------ DATA RECORDS ------

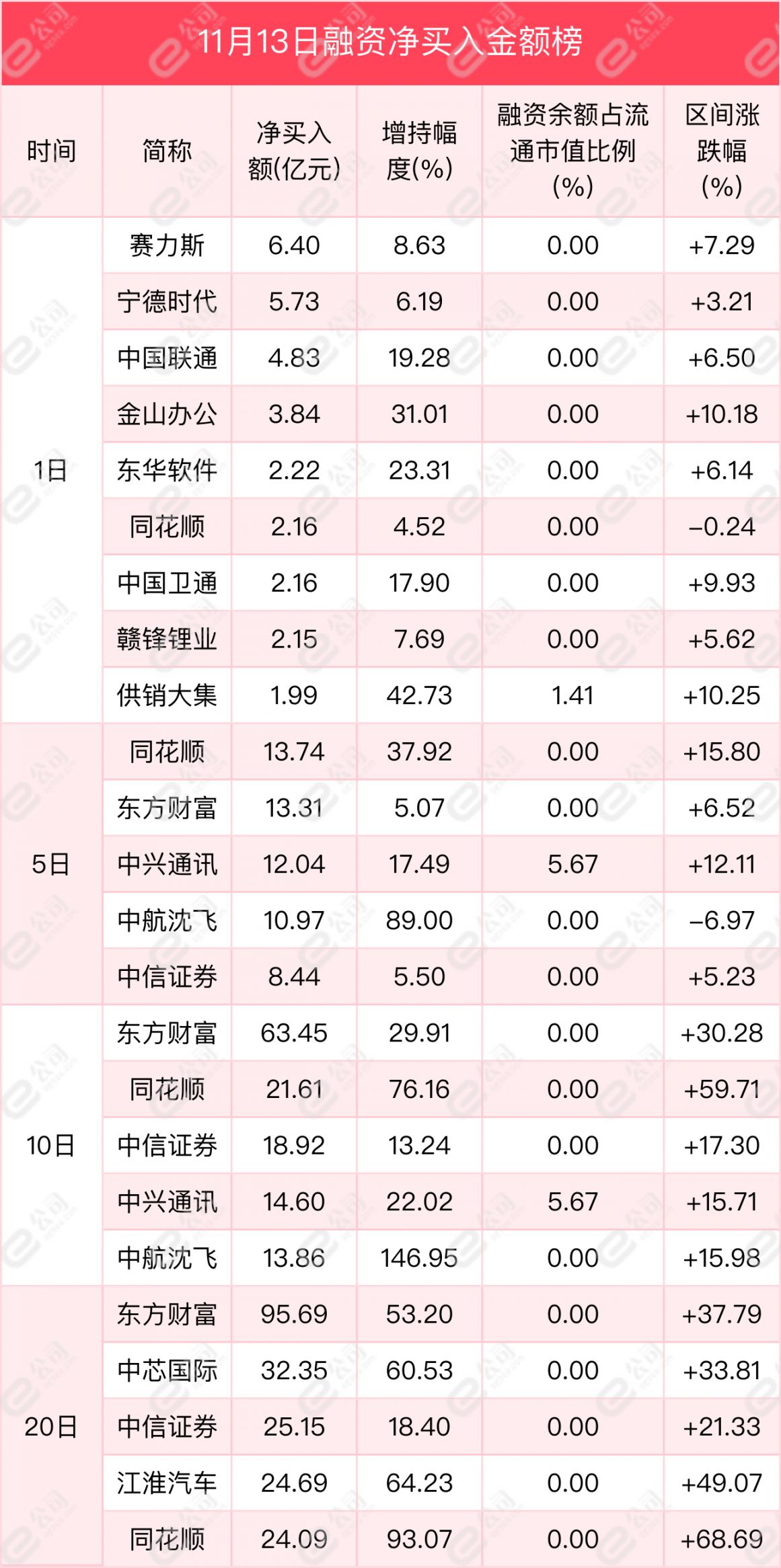 从买卖金额来看,赛力斯、宁德时代、中国联通获融资净买入金额居前,分别为6.4亿元、5.73亿元、4.83亿元,增持幅度分别为8.63%、6.19%、19.28%。
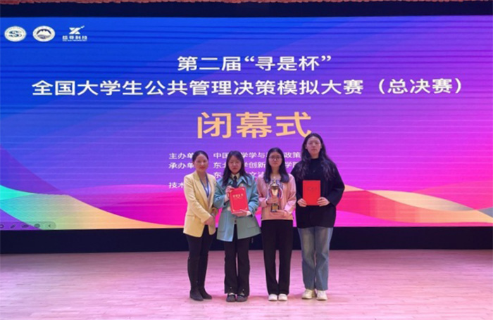 10月27日至29日,第二届“寻是杯”全国大学生公共管理决策模拟大赛(总决赛)在辽宁沈阳举行。我校卫生管理学院2021级公共事业管理专业颜羽赫、肖妮可,以及劳动与社会保障专业严子怡三名同学组建的项目团队发挥出色,荣获全国总决赛二等奖。
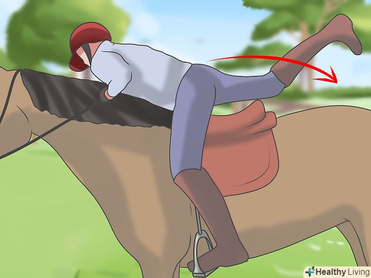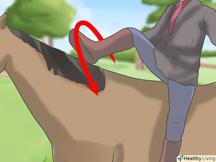 Перекиньте праву ногу через спину коня. нахиліть корпус вперед над передньою частиною сідла, а вільну праву ногу перекиньте на ліву сторону досить високо над крупом коня. Будьте обережні, не вдарте при цьому русі коня, так як вона може налякатися і почати йти, бігти або просто рухатися.- Коли завершите цей рух правою ногою, можете для балансу перемістити праву руку на задню частину сідла.
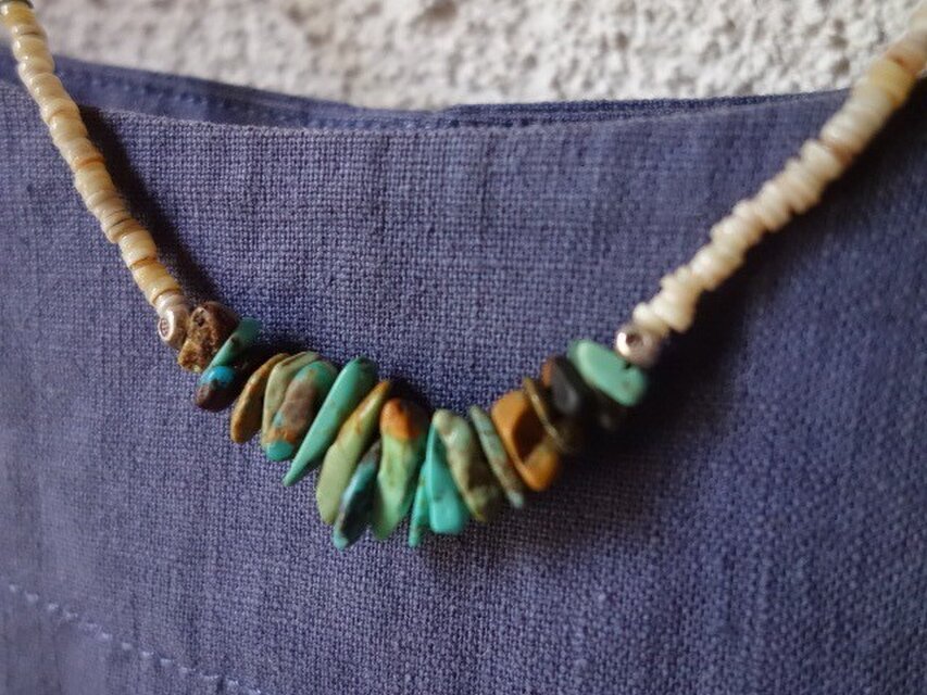 ALINOMAMAのターコイズの中から細長いラフな形のビーズを選んで
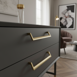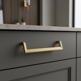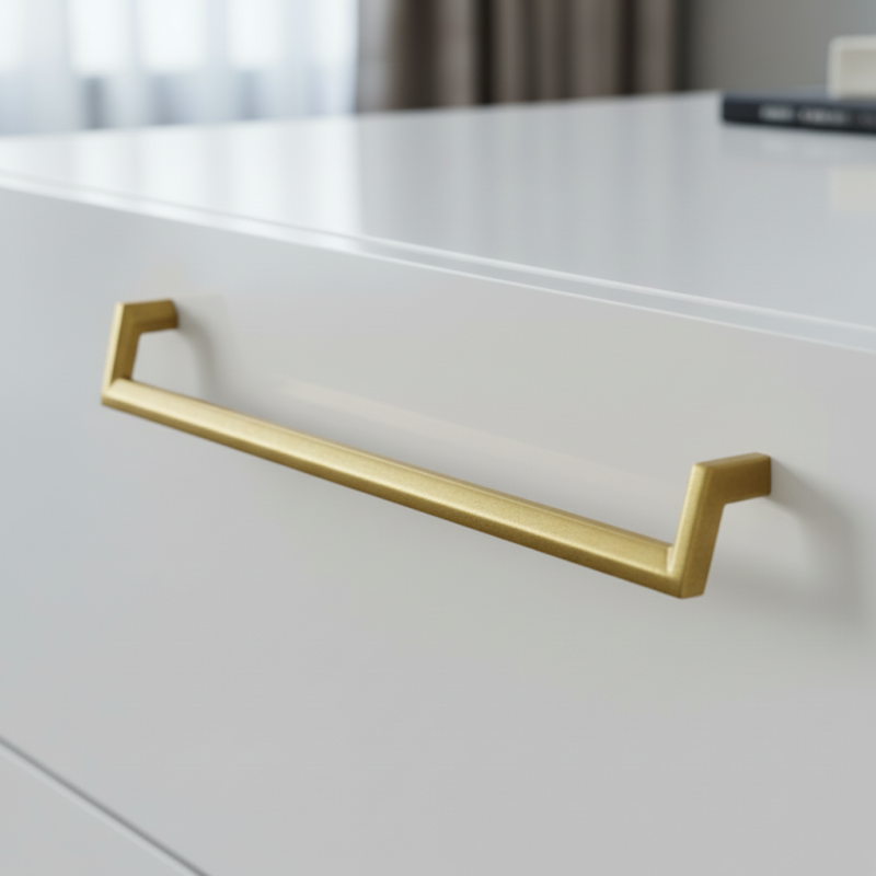 Der Griff AMORA in matter Goldausführung ist ein elegantes, modernes und zeitloses Accessoire, das Möbeln einen Hauch von Luxus verleiht, ohne übertrieben zu wirken. Seine klaren, geometrischen Linien mit charakteristischem Knick wirken designorientiert und harmonisch, wodurch er sich für moderne Küchen, Bäder, Wohnzimmer und Ankleidezimmer eignet.
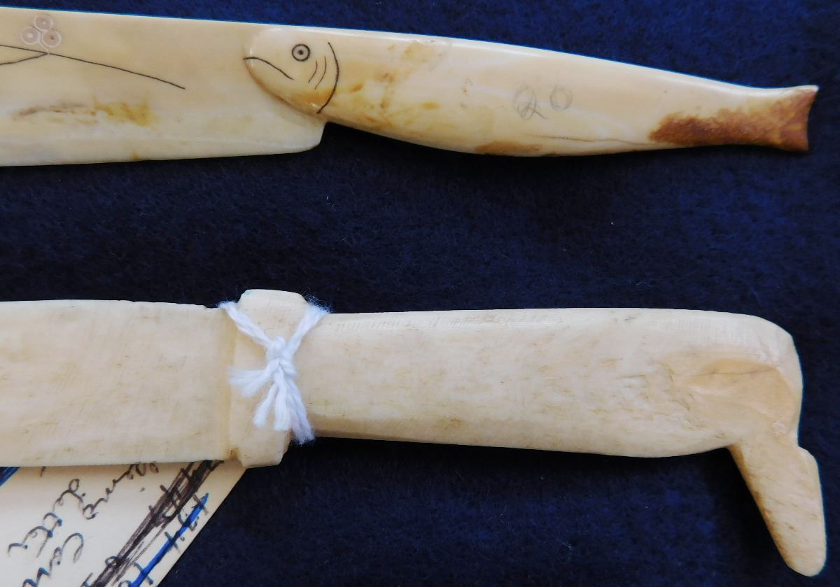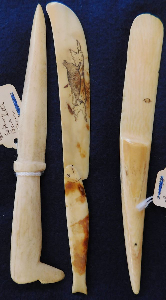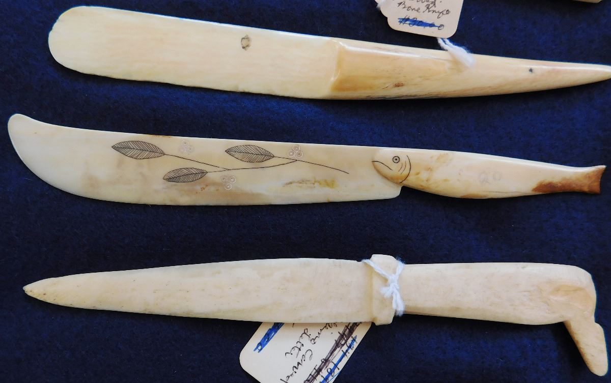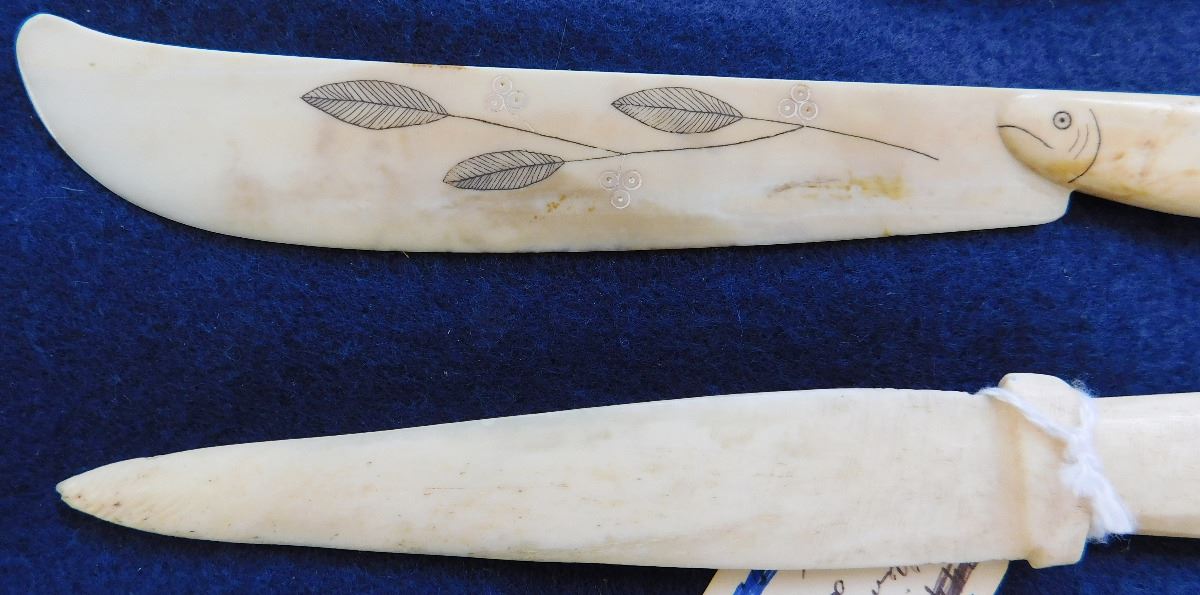 Eskimo Artifact Collection, early historic period. Made of walrus bone, the largest item measures 7.75". Eskimo item, from Alaska. Note the schrimshaw on one knife. Frame not included. Condition: Good, see images. Shipping: $25.50.
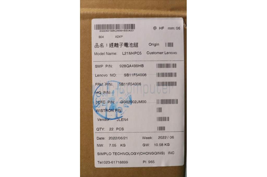 Lenovo 5B11F54006 BATTERY 4cell99.9Wh 15.52V L21M4PC5 SP/C
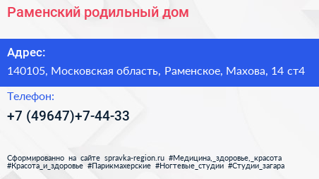 Раменский родильный дом по адресу 140105, Московская область, Раменское, Махова, 14 ст4 в дальнейшем Организация, размещена в следующих категориях:
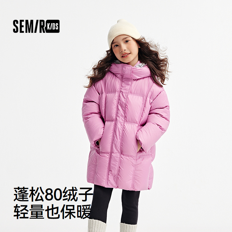 森马儿童羽绒服2024新款中长款连帽三防外套百搭女童加厚保暖冬装
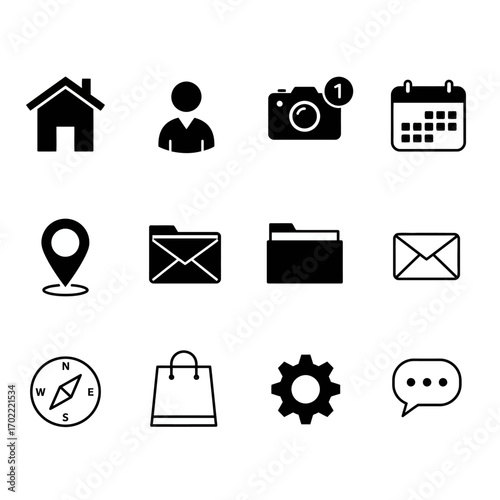 icon, icon, vector, set, symbol, business, computer, illustration, web, black, car, signs, cyberspace, media, design, camera, communication, phone, video, people, silhouette, photo, social, network
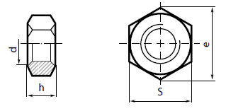 d - номинальный диаметр резьбы, мм h - высота гайки, мм S - размер под ключ, мм e - диаметр описанной окружности, не менее, мм Шаг резьбы, мм Масса 1000 шт., кг Кол-во шт. в кг.
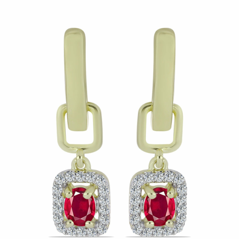1 kép Arannyal Bevont Ezüst Fülbevaló Madagaszkári Rubinnal és Fehér Topázzal, Y60412

------

== WORK REQUIRED ==
Reproduce, exactly and only, the lines of the records above starting at the line with "Перекиньте праву ногу" and ending at the line with "ALINOMAMAのターコイズの中から細長いラフな形のビーズを選んで", both included. Leave every picture out.

== TASK RESULT ==
 Перекиньте праву ногу через спину коня. нахиліть корпус вперед над передньою частиною сідла, а вільну праву ногу перекиньте на ліву сторону досить високо над крупом коня. Будьте обережні, не вдарте при цьому русі коня, так як вона може налякатися і почати йти, бігти або просто рухатися.- Коли завершите цей рух правою ногою, можете для балансу перемістити праву руку на задню частину сідла.
 ALINOMAMAのターコイズの中から細長いラフな形のビーズを選んで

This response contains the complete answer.